Photo by: Pha Lina
Construction problems could be minimised with more consultation with local people, discovered engineering graduate Oung Ponnaka while studying for a master’s degree in Australia.
Wednesday, 27 April 2011 15:00 Roth Meas
Meet the new breed of educated Cambodians dedicated to rebuilding the Kingdom and improving the lives of its people – postgraduates who have returned from their studies in Australia.
Scholarships from the Australian government have enabled about 440 Cambodians to undertake further university study in Australia over the past few years, according to Ambassador Penny Richards.
Health, rural and international development, HIV and AIDS, social services, environment, finance, management and education are the sectors which will benefit from the scholarship programme.
Recent postgraduates agreed that their new skills would help redevelop Cambodia across all sections of society, at a gathering to honour their achievements at the Australian Embassy in Phnom Penh.
Twenty-five returnees met with embassy officials at the event.
Typical of the new breed is Oung Ponnaka, 40, who is the technical chief of the Department of Rural Development in southeast Svay Rieng province.
He sees fundamental challenges ahead in development, particularly in building roads, bridges, irrigation projects and other infrastructure in the provinces.
An engineer who gained his bachelor’s degree at the Institute of Technology in Cambodia, Oung Ponnaka studied for a master’s degree in technology at Swinburne University in Australia.
Construction projects here often run into opposition from local people, he finds, because many engineers design projects without consulting the intended users, he says.

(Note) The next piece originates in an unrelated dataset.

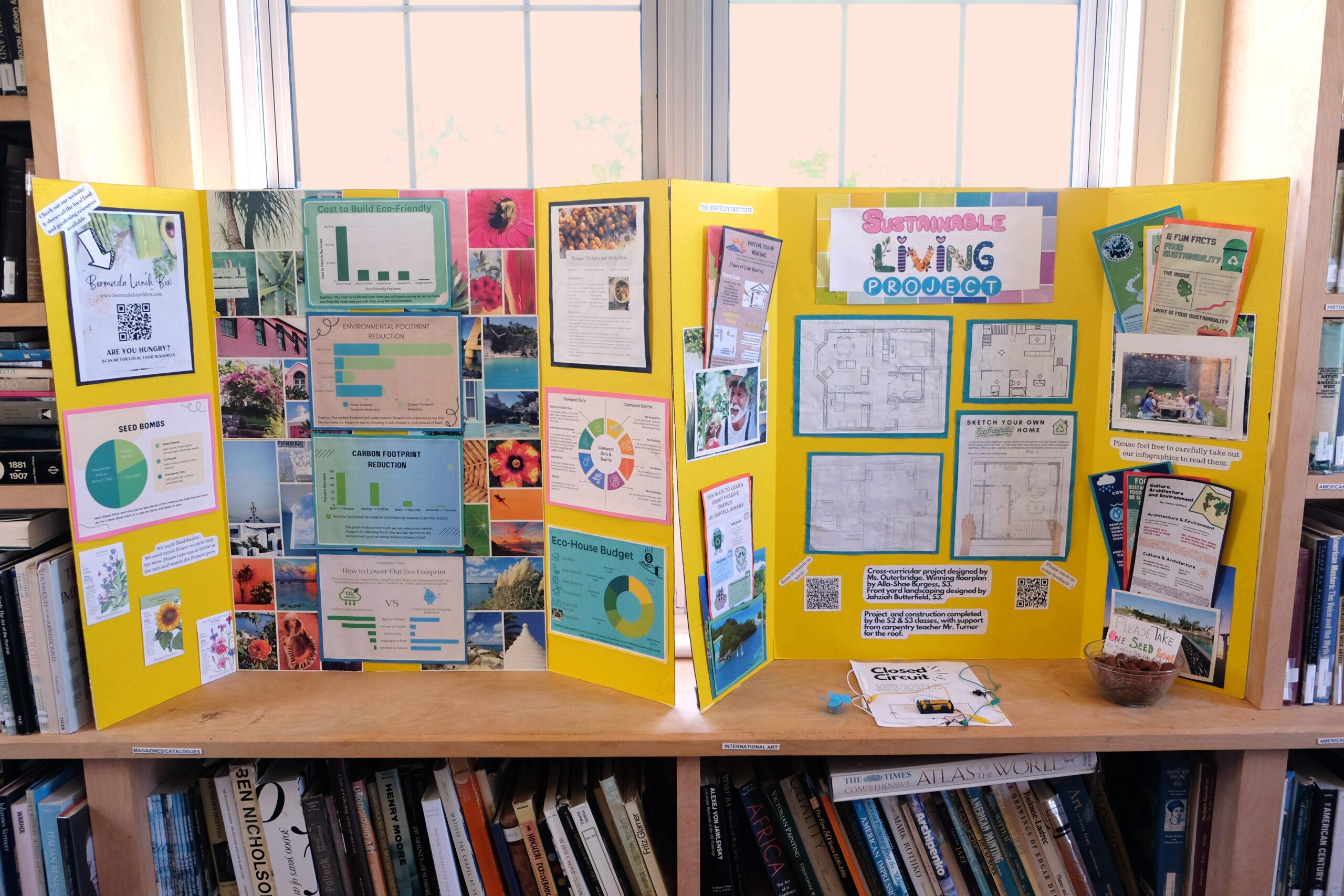 Students in Ms. Diamond Outerbridge Learning Support Classes at The Berkeley Institute have participated in The Sustainable Living Project, which builds on previous projects which have centered around two classroom themes; futurism and sustainability. These themes have taken the classes from creating pamphlets on local medicinal & edible plants, to designing and publishing a website that connects the community to all local food and gardening resources (www.bermudalunchbox.com) to building their own model of an eco-friendly, passive-energy Bermuda home that celebrates Bermudian culture and sustainability. Each of these projects, designed by Ms. Outerbridge, to be cross-curricular involving math, science, history, art, and architecture to demonstrate how real-world problems require skills in many subjects, along with critical thinking, to solve.

“Because the people are the [intended] users of our construction projects, we have to design them to fit their needs. Many Cambodian engineers think of themselves as technicians, so they feel they should decide priorities. But we should listen to the people too,” says Oung Ponnaka.
Photo by: Roth Meas
Postgraduate So Thea, second from left, was among previous graduates from Australia to meet Ambassador Penny Richards in Phnom Penh.
Part of the problem, he feels, is that the Cambodian education system is not based on group discussions, so graduates are not used to consulting other people on their projects.

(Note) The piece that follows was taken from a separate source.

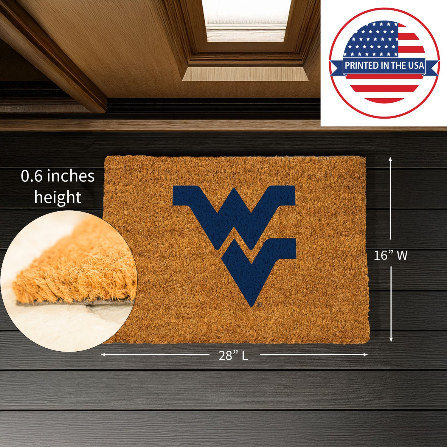 Coir Mat, 16"x28", West Virginia University

“But in Australia, students learn to work in groups and discuss the consequences of construction, so engineers have the chance to integrate their ideas together,” he explains. Allowing local people to have their say on projects that affect them could cut protests and allow effective solutions, he feels.

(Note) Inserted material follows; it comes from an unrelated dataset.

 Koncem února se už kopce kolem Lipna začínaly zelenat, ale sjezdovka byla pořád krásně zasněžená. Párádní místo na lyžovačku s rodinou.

Cambodia’s forestry industry and its treasure trove of hardwoods inspired So Thea, 42, to complete his PhD in biological science at Murdoch University.
His four years of study focused on forestry and the problems of illegal logging in Cambodia, while he searched for ways of making timber plantations sustainable.
His mission is to conserve Cambodia’s forests for the next generation, especially by studying ways to replant valuable native hardwoods such as kronhoung, beng, socrom and kokoh.
“These valuable timbers are vulnerable to illegal logging, [and] take up to 50 years to grow to maturity,” he says. As vice chief of the Forest Research Institute in the Ministry of Agriculture, Forestry and Fisheries, his task is to increase replanting schemes in order to conserve the timber.
A tree with a trunk thicker than one metre could be at least 250 years old, he explains. “To lose a tree like that is a big [loss]. It’s [encouraging] that the Cambodian government is interested in forestry.”
As part of his research, So Thea visited Western Australia and Thailand to study forestry techniques.
Ambassador Penny Richards says the scholarships were provided to give Cambodians the skills and knowledge to contribute to the long-term development of Cambodia.
She told the postgraduates: “Now that you have returned to Cambodia, we look forward to seeing the contribution you will make in your various ministries. Australia is committed to promoting higher education as a means of improving the economic and social development of Cambodia.”
Most students returned to their successful careers in government, private sector and non-profit organisations, she said.
This year, Australia will award up to 50 scholarships to Cambodian students undertaking master’s degrees.
Further information about scholarships is available at www.australiaawards.gov.au.